[Items from a dataset]
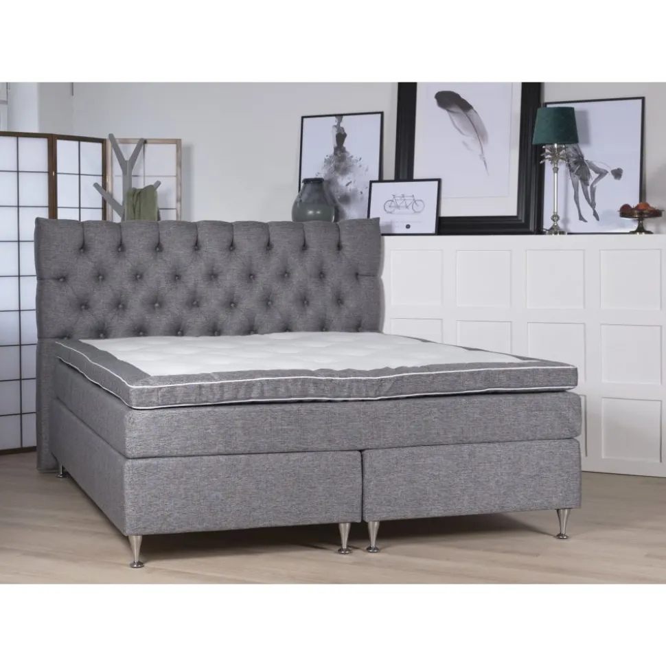 Ovanpå ligger en resårmadrass med 5-zons pocketfjädrar, som ger ett anpassat stöd för kroppens olika delar.
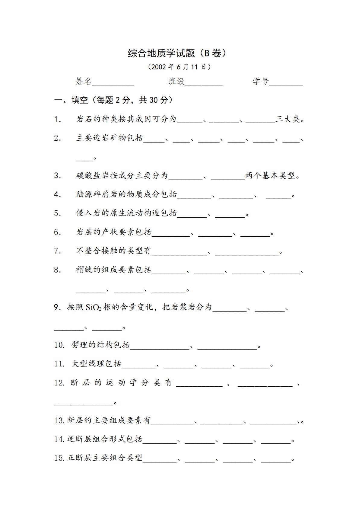 综合地质学试题(B卷)(2002年6月11日)姓名__________班级_________学号________一、填空(每题2分,共30分)1.岩石的种类按其成因可分为______、_______、_______三大类。2.主要造岩矿物包括_____、____、_____、____、_____、____、____。3.碳酸盐岩按成分主要分为________、________两个基本类型。4.陆源碎屑岩的物质成分包括________、________、______。5.侵入岩的原生流动构造包括_______、_______。6.岩层的产状要素包括_________、________、_____...
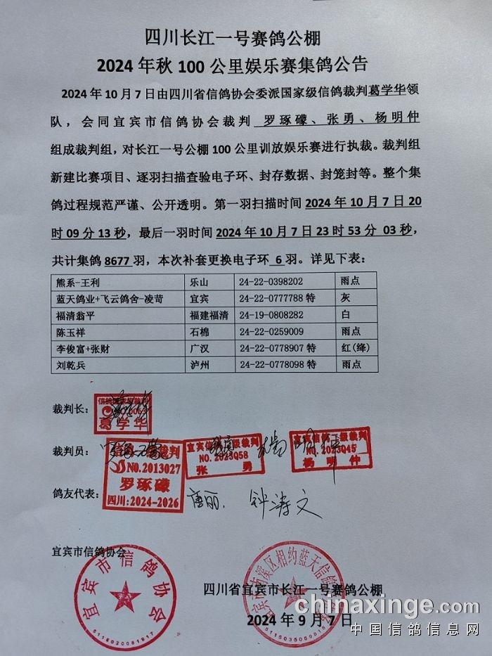 四川长江一号公棚(秋)决赛集鸽数据(按顺序排序)
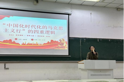 凌静雯老师以“论‘中国化时代化的马克思主义行’的四重逻辑”为主题,立足马克思主义经典作家观点,结合历史与现实,分别从理论逻辑、历史逻辑、价值逻辑、实践逻辑四个方面展开,阐释了贯穿革命年代、建设年代、改革年代和新时代中国化时代化马克思主义真理的科学性、具体性、实践性。回望百年党史,中国共产党人总是能创造新理论、把握新情况、解决新问题、取得新成就,这均是源于科学的理论和思想指引。“中国化时代化的马克思主义行”回答了“中国共产党为什么能,中国特色社会主义为什么行”的重大命题。
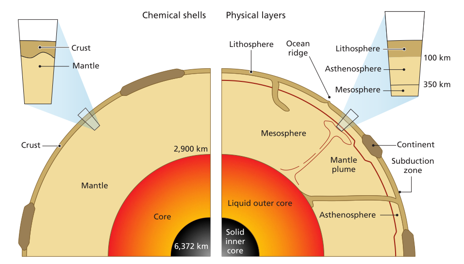 Cross sections of the Earth showing chemical shells (crust, mantle, and core) and physical layers (lithosphere, asthenosphere, mesosphere, outer core, and inner core)
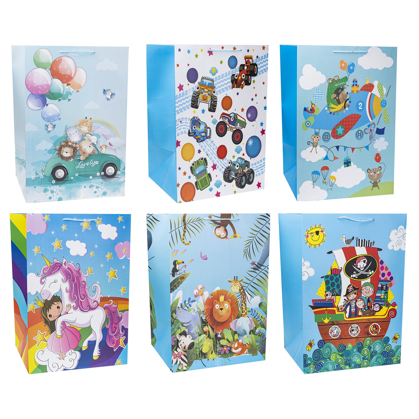 Torebka ozdobna Lux 210 gsm, pakowana po 12 sztuk, mix 4 wzorów, TD-23000-WB SZEROKIE DNO
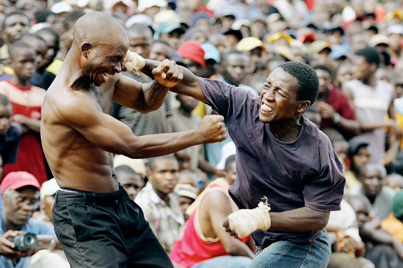 Dzień bez porządnej bijatyki byłby dniem straconym. Thuso Munyai już od rana chodzi po wsi z zadziorną miną, szukając przeciwnika, któremu mógłby spuścić łomot. Sława jego żelaznej pięści nie ułatwia mu zadania. Do tej pory nie znalazł się nikt, kto zechciałby zmierzyć się z tym rosłym osiłkiem. Thuso nie zraża się jednak tak łatwo. Uparcie stara się znaleźć śmiałka gotowego przyjąć jego wyzwanie. Teraz zastąpił drogę wysokiemu żylastemu chłopakowi. Zbliżył się do niego z buńczuczną miną, przygląda mu się natarczywie i wymachuje pięścią przed nosem.
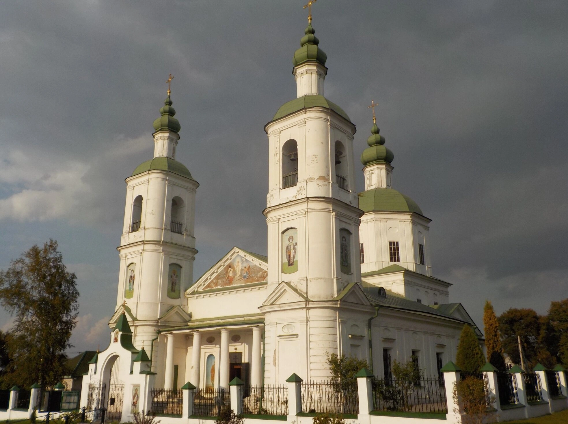Белоснежное каменное здание храма эффектно выделяется на фоне драматичного пасмурного неба, создавая возвышенный и торжественный образ. Архитектурный ансамбль слагается из центрального объёма, увенчанного зелёными куполами, и двух стройных колоколен, также завершающихся изящными зелёными главками со шпилями. Подобное композиционное решение характерно для традиционного русского храмового зодчества и придает строению гармоничную завершённость.

▸ **What you should do**
Print every line of the data exactly. Pictures do not belong in the copy.

▸ **Final answer**
 Ovanpå ligger en resårmadrass med 5-zons pocketfjädrar, som ger ett anpassat stöd för kroppens olika delar.
 综合地质学试题(B卷)(2002年6月11日)姓名__________班级_________学号________一、填空(每题2分,共30分)1.岩石的种类按其成因可分为______、_______、_______三大类。2.主要造岩矿物包括_____、____、_____、____、_____、____、____。3.碳酸盐岩按成分主要分为________、________两个基本类型。4.陆源碎屑岩的物质成分包括________、________、______。5.侵入岩的原生流动构造包括_______、_______。6.岩层的产状要素包括_________、________、_____...
 四川长江一号公棚(秋)决赛集鸽数据(按顺序排序)
 凌静雯老师以“论‘中国化时代化的马克思主义行’的四重逻辑”为主题,立足马克思主义经典作家观点,结合历史与现实,分别从理论逻辑、历史逻辑、价值逻辑、实践逻辑四个方面展开,阐释了贯穿革命年代、建设年代、改革年代和新时代中国化时代化马克思主义真理的科学性、具体性、实践性。回望百年党史,中国共产党人总是能创造新理论、把握新情况、解决新问题、取得新成就,这均是源于科学的理论和思想指引。“中国化时代化的马克思主义行”回答了“中国共产党为什么能,中国特色社会主义为什么行”的重大命题。
 Cross sections of the Earth showing chemical shells (crust, mantle, and core) and physical layers (lithosphere, asthenosphere, mesosphere, outer core, and inner core)
 Torebka ozdobna Lux 210 gsm, pakowana po 12 sztuk, mix 4 wzorów, TD-23000-WB SZEROKIE DNO
 Dzień bez porządnej bijatyki byłby dniem straconym. Thuso Munyai już od rana chodzi po wsi z zadziorną miną, szukając przeciwnika, któremu mógłby spuścić łomot. Sława jego żelaznej pięści nie ułatwia mu zadania. Do tej pory nie znalazł się nikt, kto zechciałby zmierzyć się z tym rosłym osiłkiem. Thuso nie zraża się jednak tak łatwo. Uparcie stara się znaleźć śmiałka gotowego przyjąć jego wyzwanie. Teraz zastąpił drogę wysokiemu żylastemu chłopakowi. Zbliżył się do niego z buńczuczną miną, przygląda mu się natarczywie i wymachuje pięścią przed nosem.
Белоснежное каменное здание храма эффектно выделяется на фоне драматичного пасмурного неба, создавая возвышенный и торжественный образ. Архитектурный ансамбль слагается из центрального объёма, увенчанного зелёными куполами, и двух стройных колоколен, также завершающихся изящными зелёными главками со шпилями. Подобное композиционное решение характерно для традиционного русского храмового зодчества и придает строению гармоничную завершённость.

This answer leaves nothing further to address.